We compare the observed cluster radius and the observed proportion of clusters remaining within the same geographical unit to those expected from a null distribution assuming no spatial dependency between sequences within a cluster of identical sequences. We simulate a null distribution by randomly permuting the geographical locations of the WA sequences and recomputing our statistics of interest (cluster radius, proportion of clusters within the same county and proportion of clusters within the same ZCTA).
Impact of counties’ adjacency status
We compare the RRs of observing identical sequences between two counties depending on counties’ adjacency status (within the same county, between adjacent counties and between non-adjacent counties) using Wilcoxon signed-rank tests.
Impact of distance between counties
We examine how the RRs of observing identical sequences in two distinct counties compare with the geographical distance between counties’ centroids. We summarize this trend by reporting the LOESS curves with 95% CIs between the log RRs and the distance in kilometres.
Mapping using MDS
We evaluate the extent to which patterns of association obtained when looking at the location of pairs of identical sequences are consistent with global spatial structure. To do so, we performed non-metric MDS (NMDS) based on the matrix of RR of observing pairs of identical sequences between two counties. We restrict our analysis to the subset of counties for which there was always at least five pairs of identical sequences observed with the other counties in the subset. This is done to remove potential noise associated with low number of pairs observed. As the NMDS algorithm requires a measure of similarity between counties, we define the similarity sA,B between counties A and B as:
$$s_A,B=\rme^-RR_A,B^$$
We perform two-dimensional NMDS using the vegan R package57.
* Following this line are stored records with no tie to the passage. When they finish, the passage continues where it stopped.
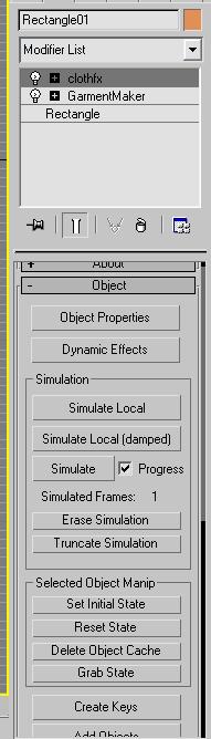 Şimdi nesnemiz seçili iken modify paneline geçip clothfx i uyguluyorum.Gördüğünüz gibi yanda görünen bir panel açıldı. Bunları Basitçe anlatmak gerekirse. Object Properties ten kumaşımızın genel özelliklerini yapıyoruz( bunu birazdan yapıcaz ) dynamic effects te ise hava olaylarını ekleyebiliyoruz yani bir wind ekleyip kumaşın belirli bir yöne doğru uçmasını sağlayabiliriz.Simulate ile ise nesnenin hesaplamasını yapmamızı sağlıyor. Eğer yanlış bir şey yaparsanız alt kısımda Reset State var buna basarak hesaplamaların tamamını sıfırlayabilirsiniz.
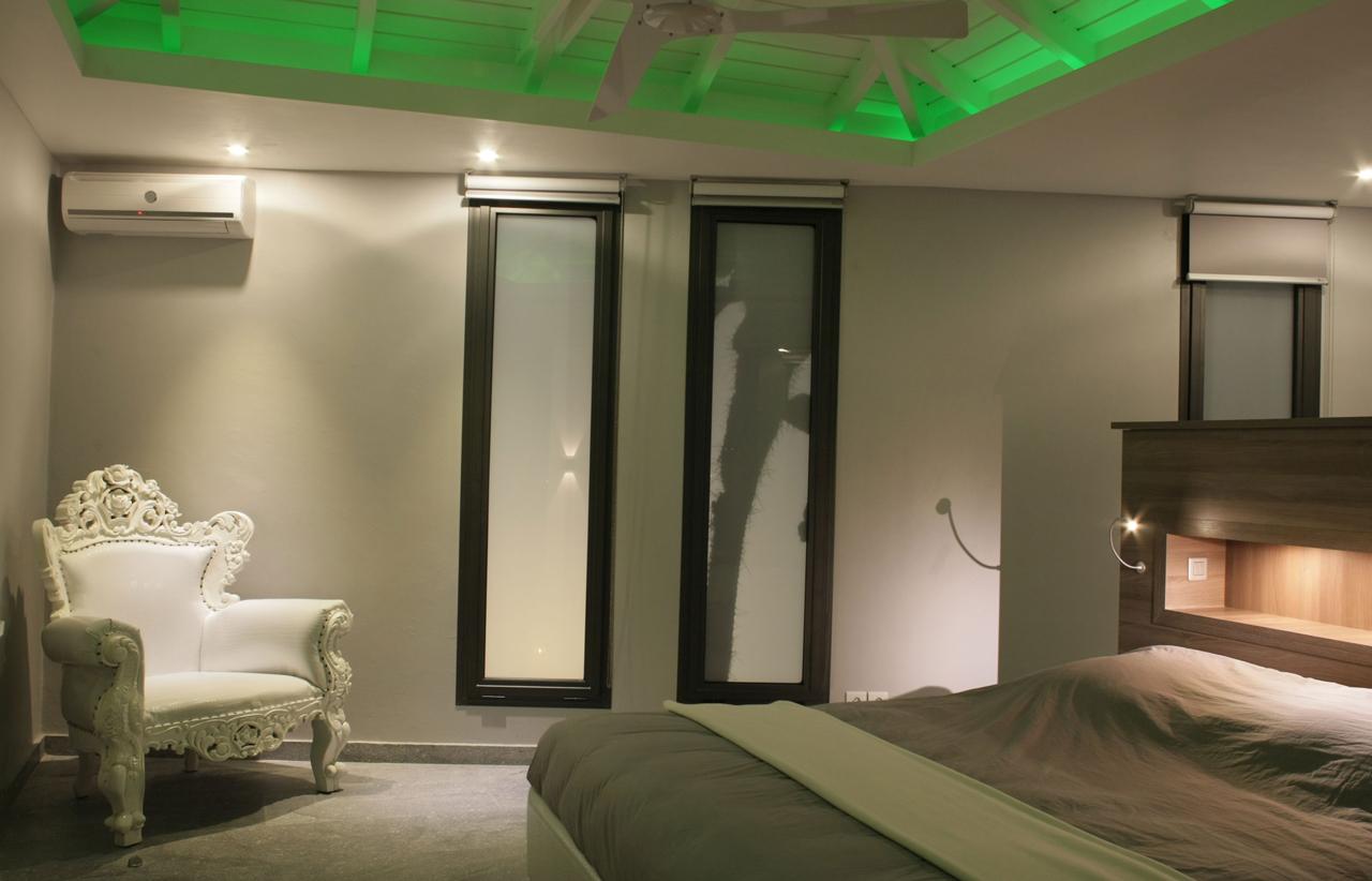 Comprising a living, dining and kitchen area that open out on to the covered terrace offering further dining for up to 6 guests. Both interior access, air conditioned bedrooms have a king-size bed and a complete en suite bathroom. The Master bedroom also features a private garden area with sun lounger. The long lap pool with wide entrance steps and river rock finish runs almost the length of the villa. The villa is fabulously fiber optic lit at night, and is a fine example of a compact architectural masterpiece.
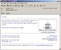 Einstein Medical's IMPACT makes it easy to create attention- getting, personalized e-mail messages using templates and focused mailing lists. A sample result is shown below. |
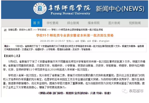 5月8日,省教育厅下发了《安徽省教育厅关于同意淮北师范大学等高校本科第一批次招生事项的批复》文件,根据文件精神,省教育厅同意我校英语、汉语言文学、地理科学、小学教育、思想政治教育、历史学、学前教育、物理学、数学与应用数学、化学、生物科学等11个师范类专业从2018年起进入本科第一批次招生。
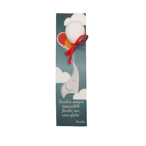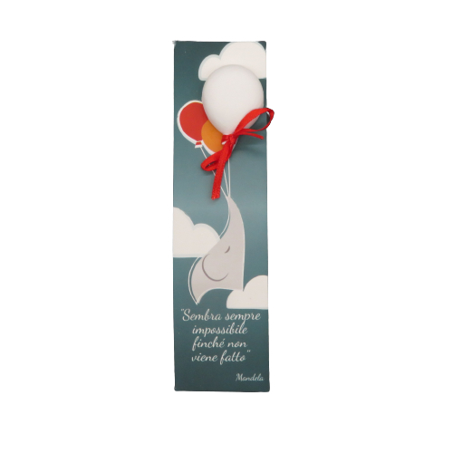 Segnalibro in cartoncino con citazione di Gandhi "Finnché porterai un sogno nel cuore non perderai mai il senso della vita", applicazione di un cuore in gessetto appeso in un festone. DIMENSIONI: 4X15cm
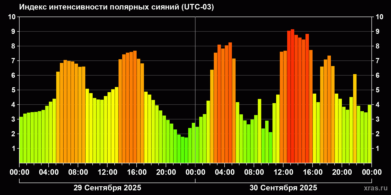 Изменения индекса интенсивности полярных сияний с 2025-09-29 по 2025-09-30 по местному времени
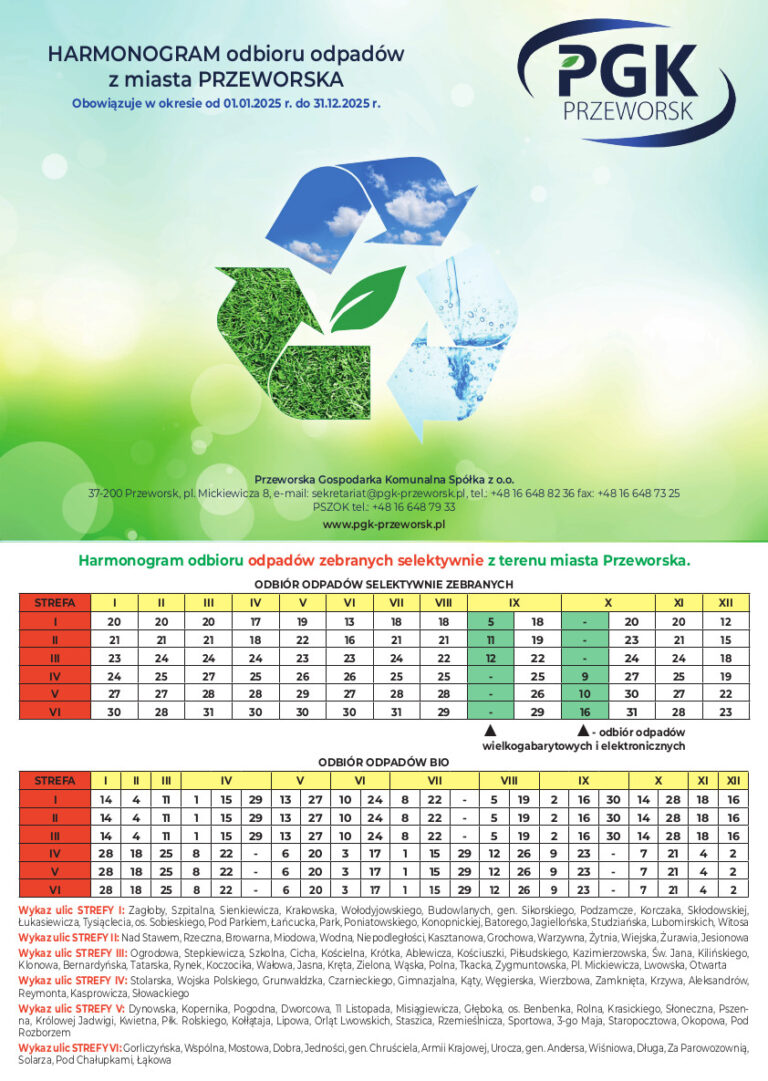 Harmonogram odbioru odpadów z miasta Przeworsk w 2025 roku. Do pobrania: harmonogram odbioru odpadów .pdf Źródło: PGK Przeworsk

Transmission direction: EWA and WWA
We evaluate whether the timing of identical sequence collection is consistent with transmission rather occurring from WWA to EWA or EWA to WWA. We define four time periods corresponding the four epidemic waves experienced by WA during our study period (Supplementary Fig. 24): wave 4, March 2021–June 2021; wave 5, July 2021–November 2021; wave 6, December 2021–February 2022; and wave 7, March 2022–August 2022. For each of these time periods, we compute the proportion of pairs of identical sequences first collected in EWA among pairs of identical sequences observed in both EWA and WWA that were not collected on the same day. We report 95% binomial proportion CI around these proportions.
To examine whether our conclusions could be explained by differences in testing behaviours between EWA and WWA, we conduct a sensitivity analysis by imputing the date of symptom onset.
Mobility analyses
Relationship with mobility data
We compute the Spearman correlation coefficient between the RR of observing identical sequences between two counties and the RR of movement between two counties (both from mobile phone derived and commuting mobility data) as well as the geographical distance between counties’ centroids. We determine the percentage of variance in the genetic data explained by the mobility data by fitting GAMs predicting the RR of observing identical sequences based on the RR of movement between two counties, both on a logarithmic scale, using a thin-plate smoothing spline with 5 knots. For the GAM analyses, we remove pairs of counties for which the number of pairs of identical sequences or the total mobility flow is equal to 0, which ensures that both the RR of observing identical sequences and the RR of movement are strictly positive. We also fit a GAM between the RR of observing identical sequences between two counties (on a logarithmic scale) and the distance between counties centroids. We repeat these analyses at the regional level, instead of at the county level.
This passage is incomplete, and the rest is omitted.